## What the task requires
From the line that contains "Come join us" to the last line of the data below, transcribe every line exactly. Do not include the pictures.

## Supplied records
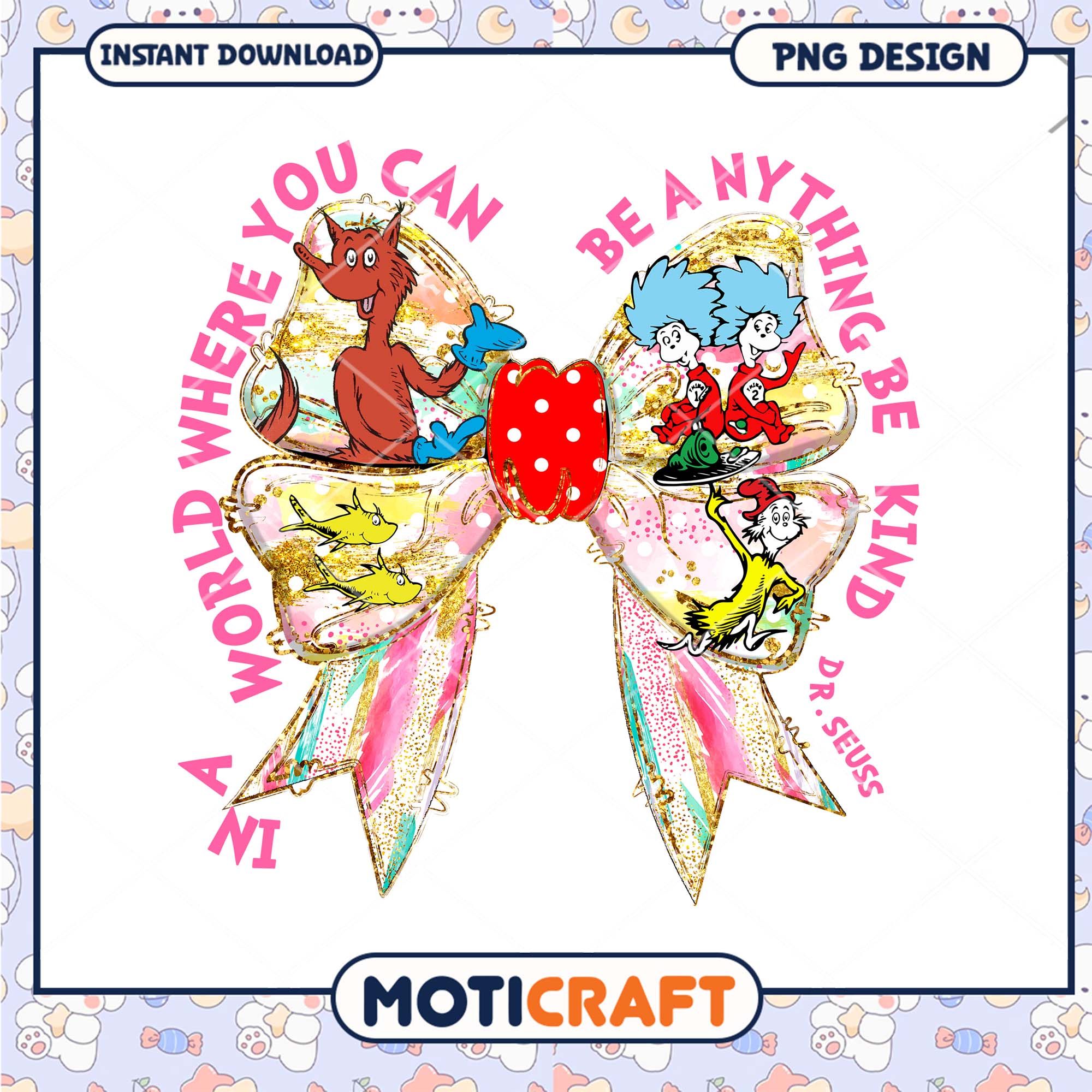 Dr Seuss Inspirational Bow Design Be Kind and Creative PNG is part of our Dr. Seuss collection, featuring vibrant, high-quality designs inspired by Dr. Seuss’ beloved world. Perfect for crafts, digital design, and personal creations, these PNG files bring iconic characters like The Cat in the Hat, Horton, and the Grinch to life. With transparent backgrounds for easy layering, our Dr. Seuss PNG files are ideal for use in Cricut and Silhouette projects, custom t-shirts, mugs, and more. Whether you’re celebrating Read Across America or simply love Dr. Seuss’ quirky style, this collection offers endless creative possibilities for Seuss fans of all ages. Start crafting today!
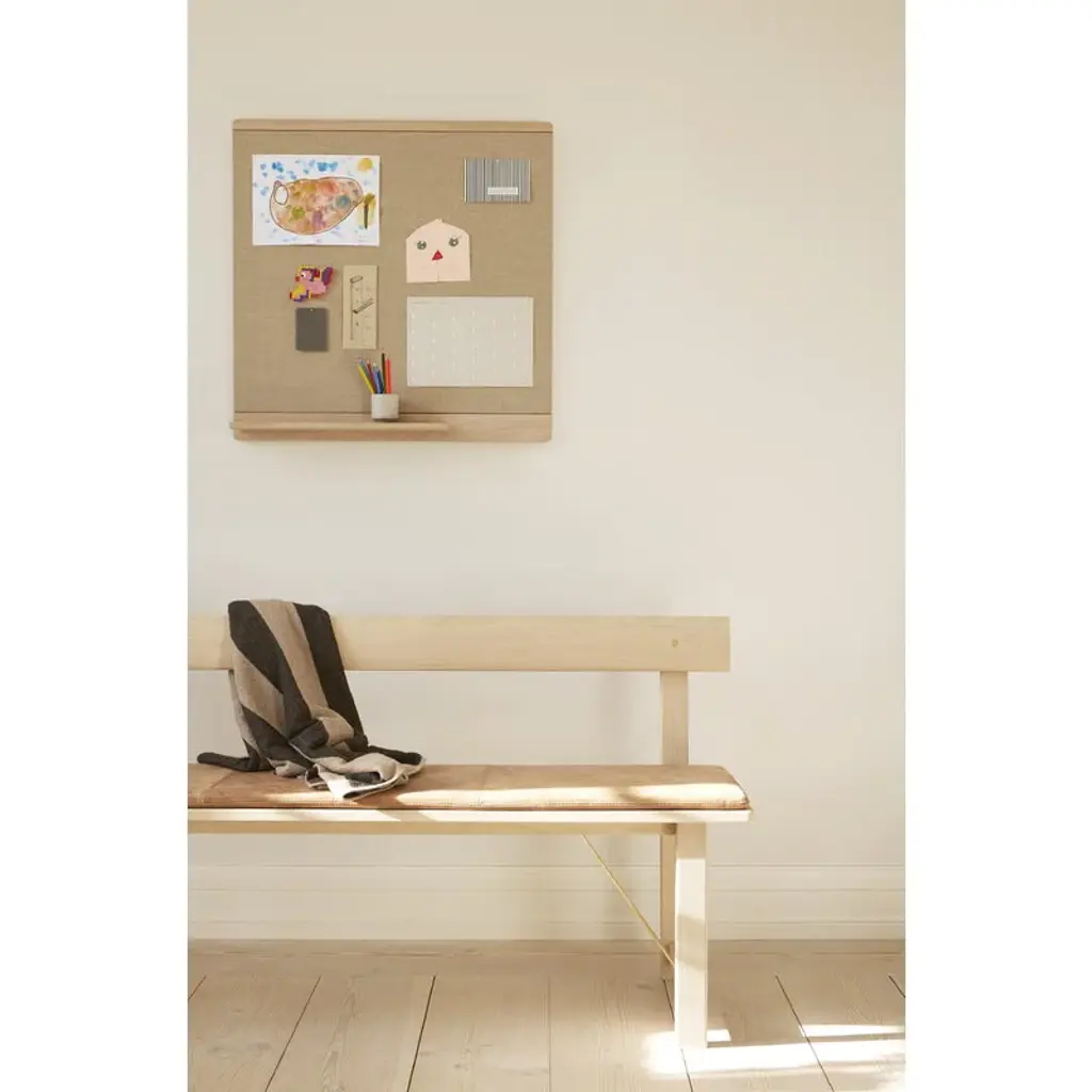 Form & Refine's Rim pinboard is designed to look as if floating slightly off the wall. Designed by Herman Studio, the pinboard boasts a clean-lined, minimalist expression that is softened by the combination of wood and cotton canvas, the naturalness of which brings serenity and gentleness to the space. The classic, sleek memo board is equipped with a small shelf for accessories and small objects – the groove at the front of the shelf keeps the items securely in place.
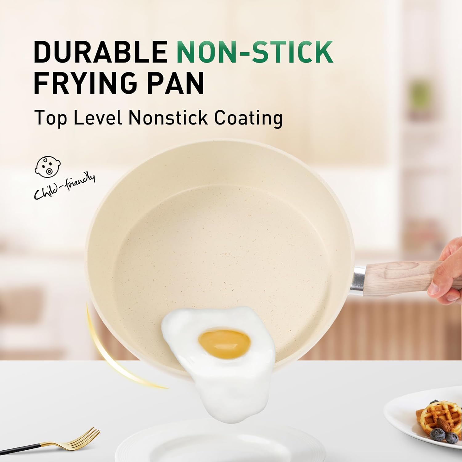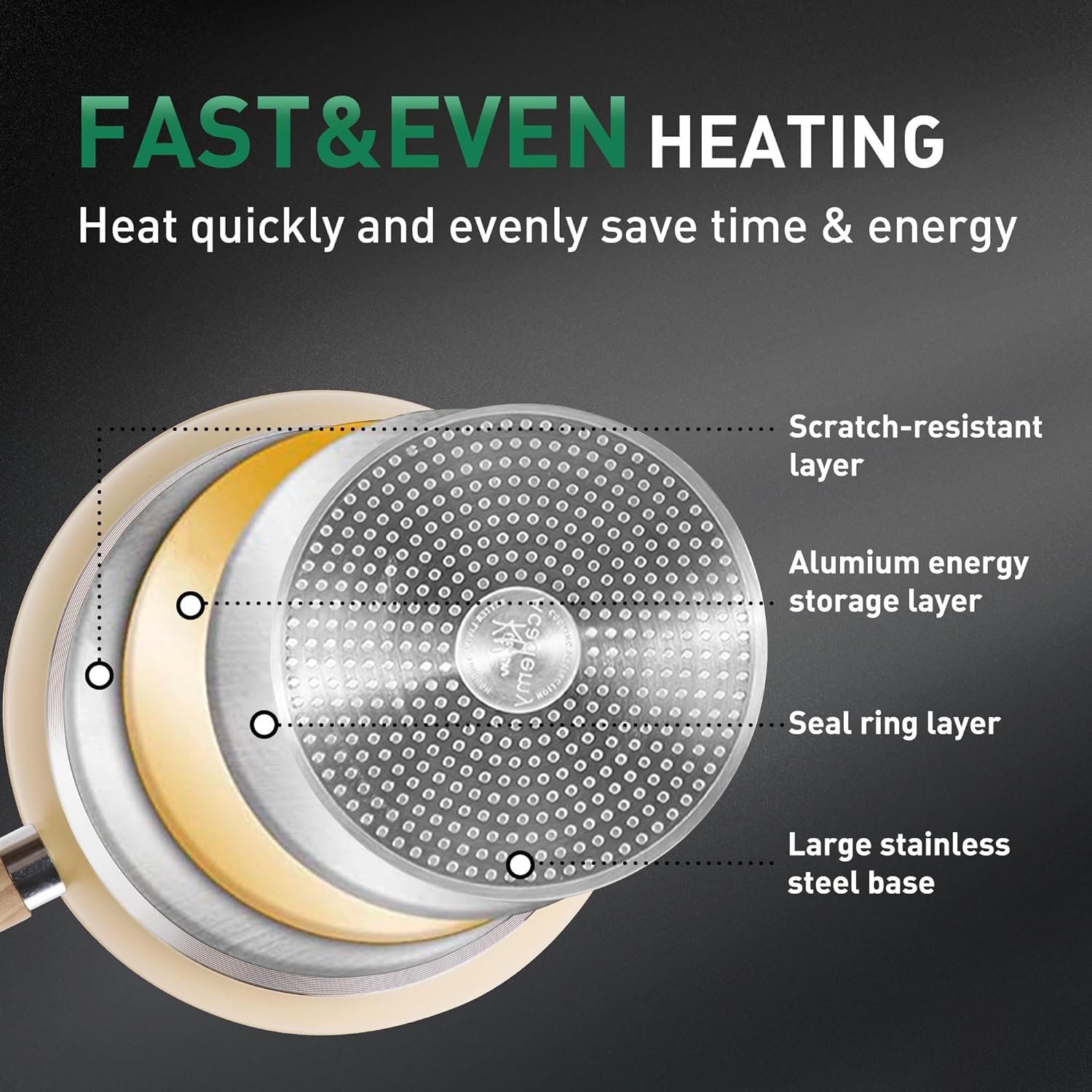 Heats Quickly & Evenly: This cookware uses professional grade aluminum core that conducts heat quickly and evenly with precise temperature control, which will save time and energy. This induction frying pan set can adopts various cooking methods to make delicious food to satisfy your stomach
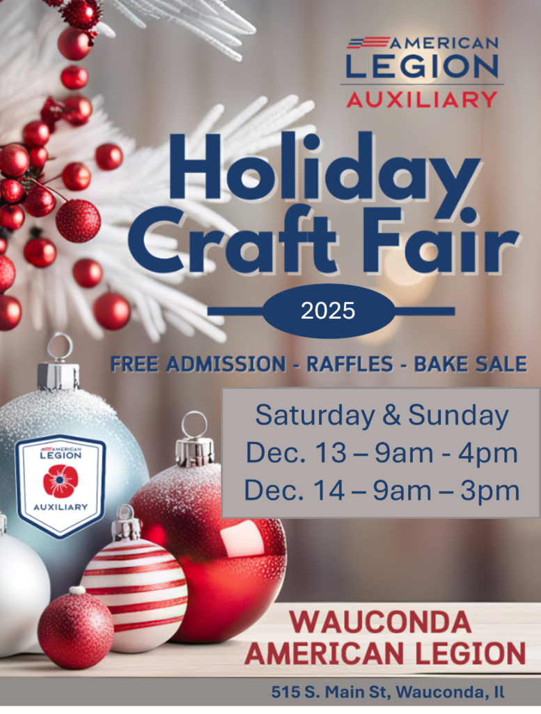 Come join us for the Wauconda American Legion Holiday Craft Fair put together by the American Legion Auxiliary. Come check out all the vendors from all over with items like jewelry, handmade crafts, cigars and many other items for last minute gifts for the holidays.
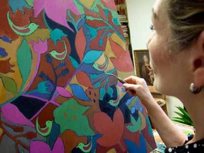 left: Catriona Millar working on her latest painting

## Written response
 Come join us for the Wauconda American Legion Holiday Craft Fair put together by the American Legion Auxiliary. Come check out all the vendors from all over with items like jewelry, handmade crafts, cigars and many other items for last minute gifts for the holidays.
 left: Catriona Millar working on her latest painting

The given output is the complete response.